_Records from a dataset:_
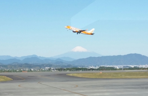 おはようございます。昨日飛行機で福岡に来ました。小雨で寒いです。今朝も雨。昨日はタイミングが悪く乗り継ぎのバスや電車 ことごとく1分間に合わなくて乗り遅れ 飛行機には間に合いましたが飛行機も 福岡空港着陸寸前で滑走路閉鎖・・・・前の飛行機が滑走路で鳥を吸い込んだとかで 鳥を排除する作業の為だとか。画像はスマホで取りました。静岡空港で。うまく富士山と飛行機が入りました。
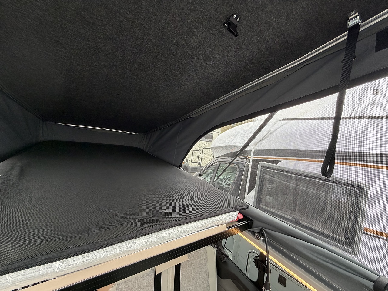 Panoramic Views: The pop-top canvas can be unzipped to reveal 240° panoramic mesh windows, providing airflow and wide-open views.
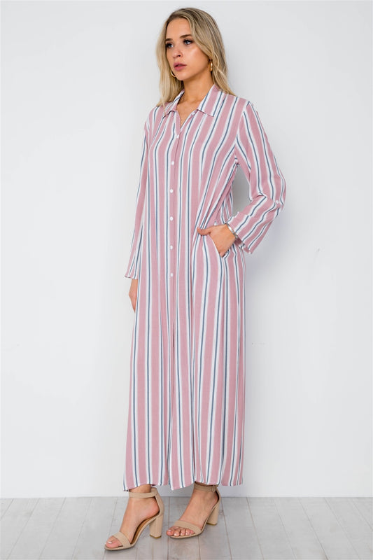 Mauve Multi Stripe Button Down Dress Maxi Blouse Shirt
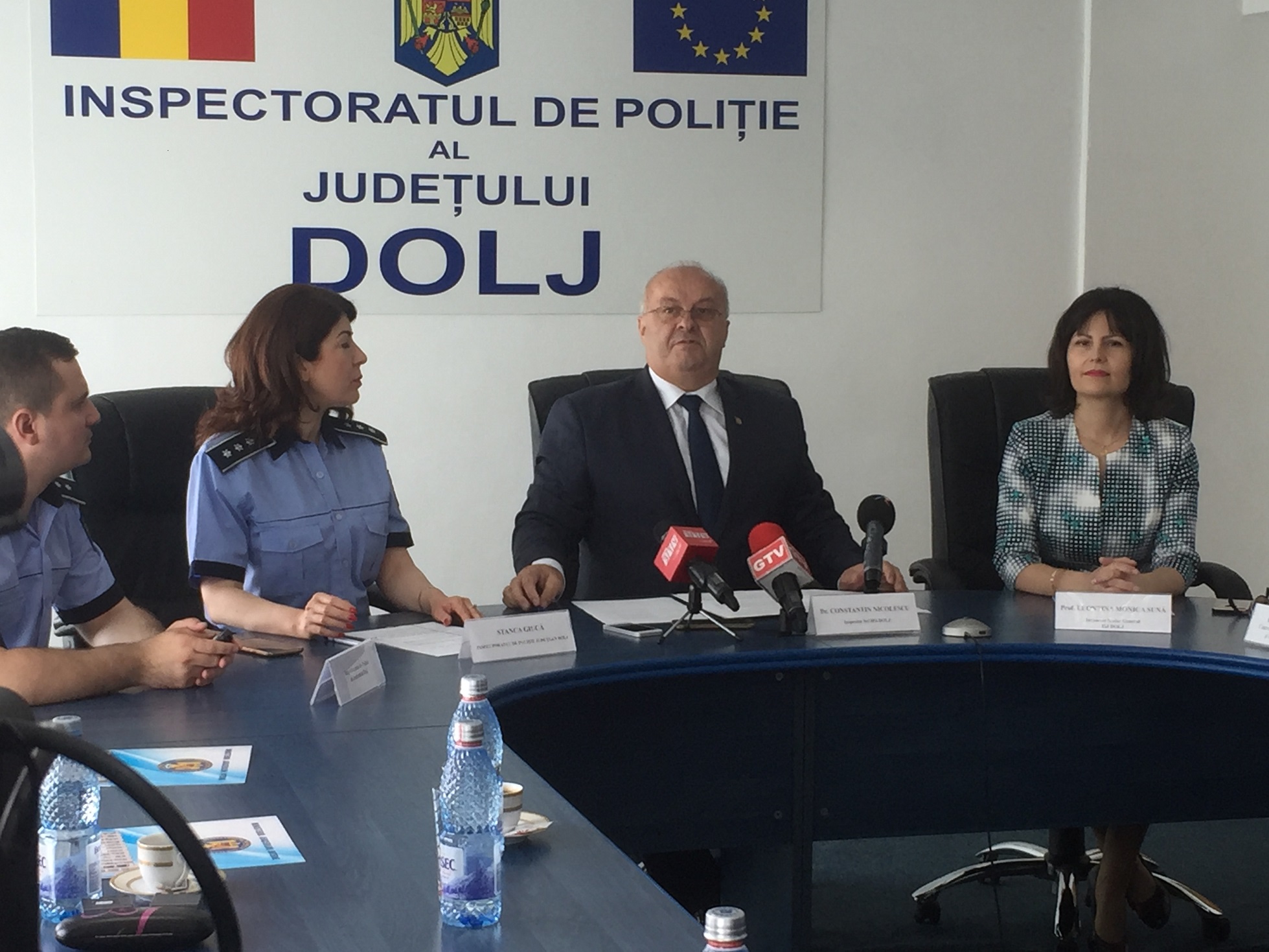 Astăzi, la Inspectoratul Județean de Poliție Dolj a debutat „Săptămâna Prevenirii Criminalității”. Aceasta se va desfășura zilnic, până pe 25 mai, pe mai multe paliere. Alături de șeful IPJ Dolj, Constantin Nicolăescu, au fost, ca de fiecare dată, partenerii tradiționali: Monica Sună, inspector școlar general, Florin Nicolăiță, Centrul de Prevenire Evaluare și Consiliere Antidrog, Maria Vintilă, reprezentant Crucea Roșie Dolj, Irina Gruia, Asociația Dezvoltare și Psihoterapie prin acțiune și Alina Barbu, Societatea Studenților Mediciniști Craiova.
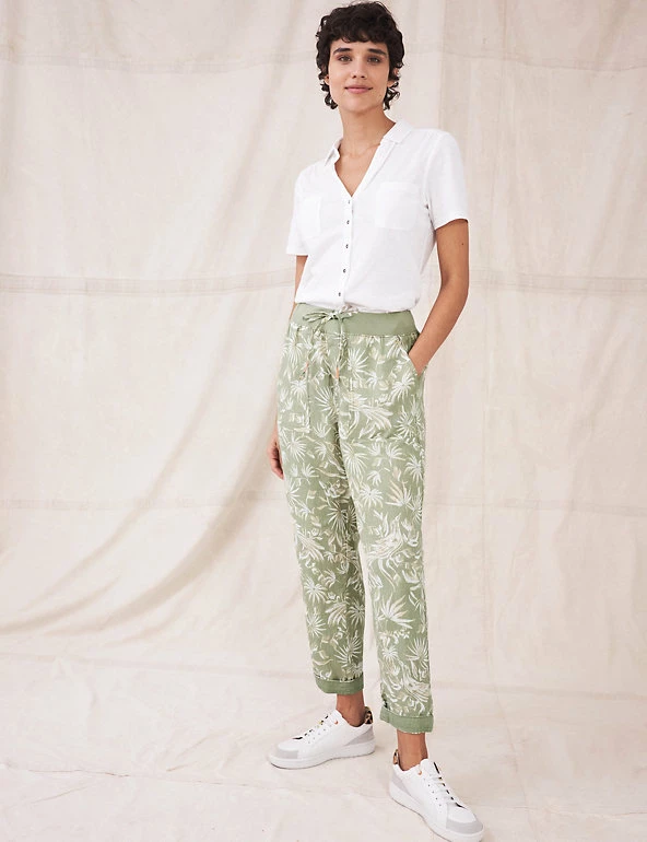 Feel effortlessly cool and stylish on warmer days, in these pure linen trousers from White Stuff. Their slim-fit shape ensures an on-trend outline, and a mid-rise elasticated waist gives effortless comfort. An all-over print of birds and tropical leaves creates a dreamy, summery air. A tie fastening at the waistband, and turn-up cuffs at the hems, add neat extra detail.
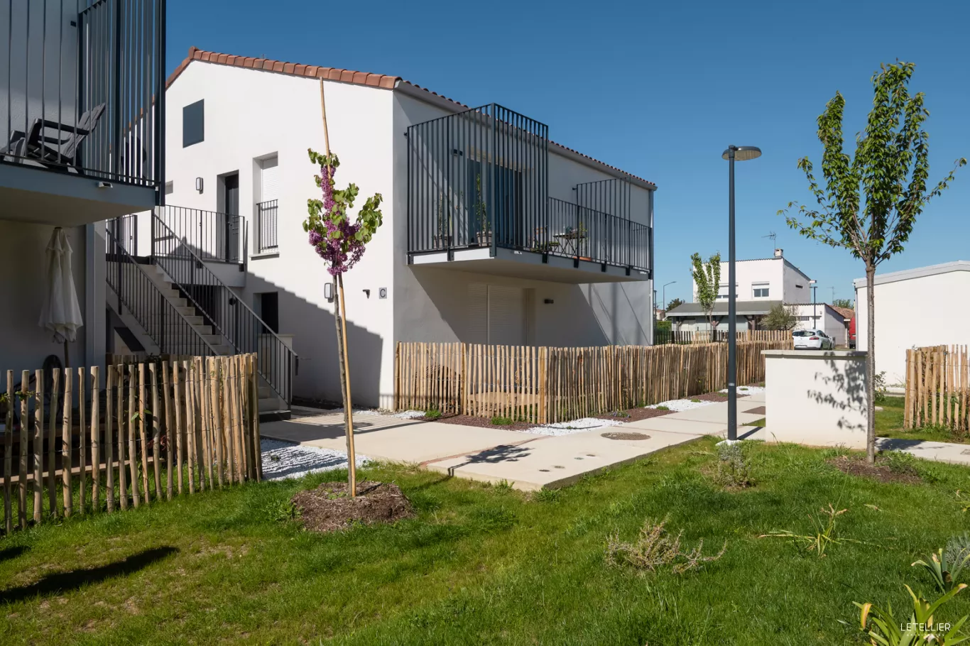 Intégrés au cœur du quartier résidentiel de Saint-Simon, ces logements conservent l’échelle de grandes maisons individuelles, tout en développant des modes d’habitats intermédiaires et mitoyens. Dans un parc composé de jardins privés et d’espaces partagés, on retrouve 4 « maisons » séparées en appartements, desservies par des coursives extérieures. En RDC, les espaces verts sont fondus les uns dans les autres grâce aux clôtures à ganivelles de faible hauteur, vouées à disparaître dans la végétation. Le projet est attentif à préserver la végétation historique de cet ancien jardin privé et au milieu de tout cela serpentent les chemins piétonniers desservant les logements. Aux étages, des éléments en serrurerie sont travaillés pour préserver l’intimité des espaces extérieurs privés, sans les cloisonner et en privilégiant les perspectives sans vis-à-vis.
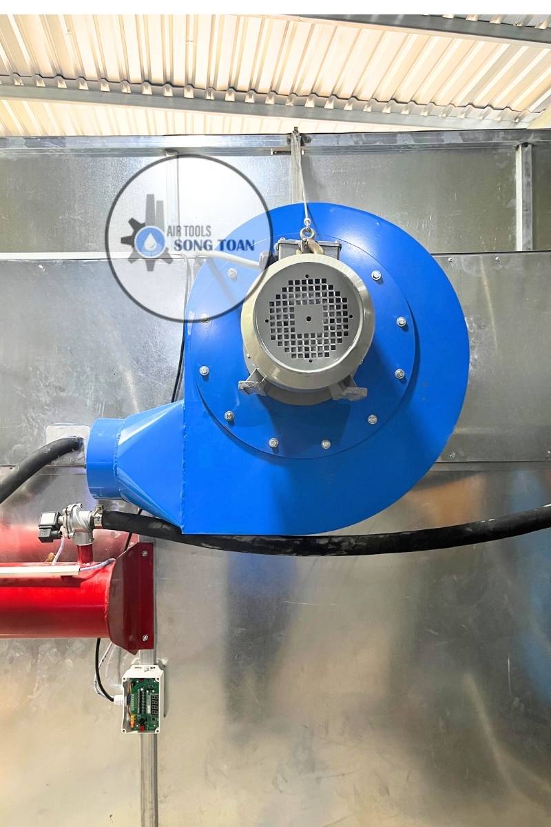 Với khả năng tạo áp suất hút lớn, quạt giúp hút sạch lượng bột sơn dư sinh ra trong quá trình phun, giữ cho không khí bên trong buồng luôn thoáng sạch, đồng thời hạn chế ô nhiễm môi trường và giảm thiểu nguy cơ cháy nổ do bụi sơn tích tụ.
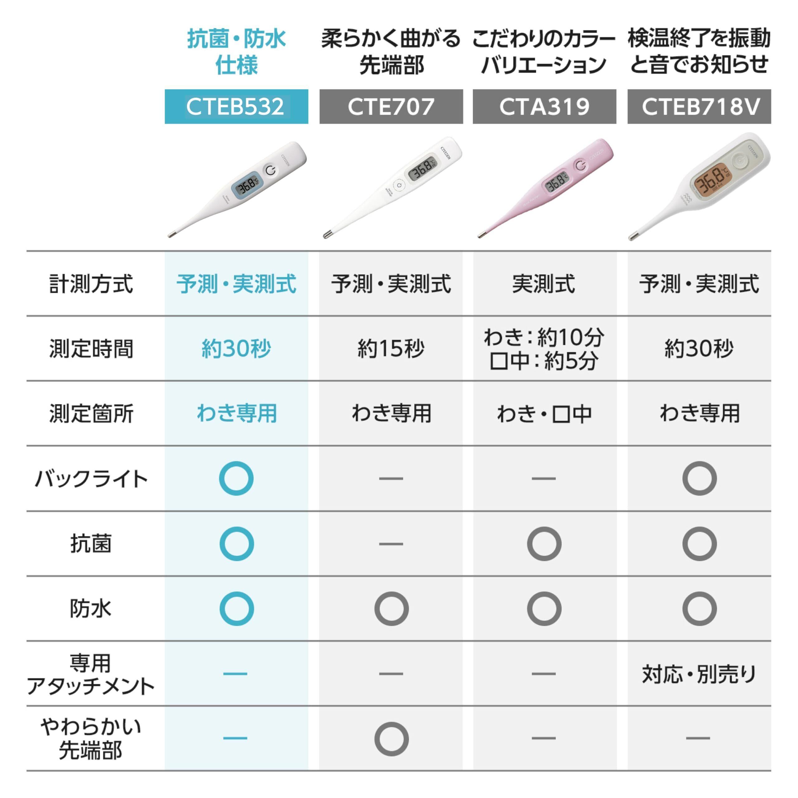 【限定セール】CITIZEN(シチズン) 電子体温計 CTEB532 バックライト付き 予測式 スピード検温 30秒 予測 ケース付き SIAA抗菌 加工 洗える抗菌素材でいつも清潔 暗い部屋でも見える バックライト 防水 腋下体温計
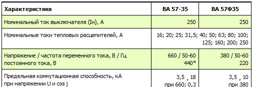 ВА 57ф35 - серия автоматических выключателей, предназначенных для проведения тока в нормальном режиме и отключения тока при коротких замыканиях, перегрузках и недопустимых снижениях напряжения, а также для нечастых (до 30 в сутки) оперативных включений и отключений электрических цепей.
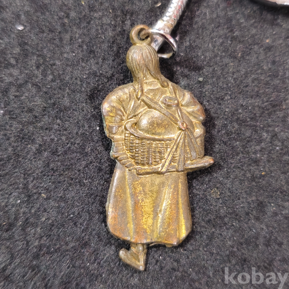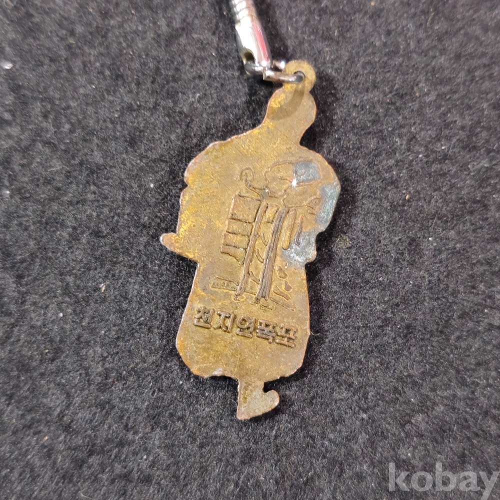 (((관광기념품/키홀더/키링/열쇠고리/가방고리))) 오래전 제주 천지연폭포 관광기념 물허벅진 여인모습 금속재질 키홀더

_What you should do:_
Begin at the line that contains "ВА 57ф35 - серия" and transcribe exactly, and only, each line through the final line of the data above, both included; the pictures do not go in.

_Solution for this task:_
 ВА 57ф35 - серия автоматических выключателей, предназначенных для проведения тока в нормальном режиме и отключения тока при коротких замыканиях, перегрузках и недопустимых снижениях напряжения, а также для нечастых (до 30 в сутки) оперативных включений и отключений электрических цепей.
 (((관광기념품/키홀더/키링/열쇠고리/가방고리))) 오래전 제주 천지연폭포 관광기념 물허벅진 여인모습 금속재질 키홀더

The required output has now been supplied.